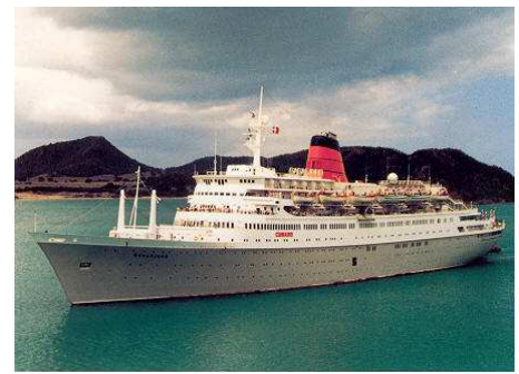
Sagafjord in Cunard colours at Antigua.

In 1980, following a refit, both the Sagafjord and her “little sister” Vistafjord were put under Norwegian American Cruises (owned by Norwegian America Line), although there was little change. However, three years later in 1983 things changed when Norwegian America Line was taken over by Trafalgar House (basically, Cunard). Sagafjord received a small overhaul by having her funnel change to the traditional Cunard colours of Cunard red and black topping, not to mention the Cunard sign on her forward superstructure. However, she retained her name, which she would
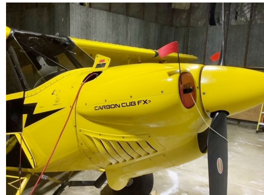
Cub Crafters CCX-2000 Engine Plugs

## [AIM OF THE TASK]
Omit the pictures and write out exactly the lines from the one containing "In 1980, following" through the last line of the material.

## [SOLUTION TO THIS TASK]
In 1980, following a refit, both the Sagafjord and her “little sister” Vistafjord were put under Norwegian American Cruises (owned by Norwegian America Line), although there was little change. However, three years later in 1983 things changed when Norwegian America Line was taken over by Trafalgar House (basically, Cunard). Sagafjord received a small overhaul by having her funnel change to the traditional Cunard colours of Cunard red and black topping, not to mention the Cunard sign on her forward superstructure. However, she retained her name, which she would
Cub Crafters CCX-2000 Engine Plugs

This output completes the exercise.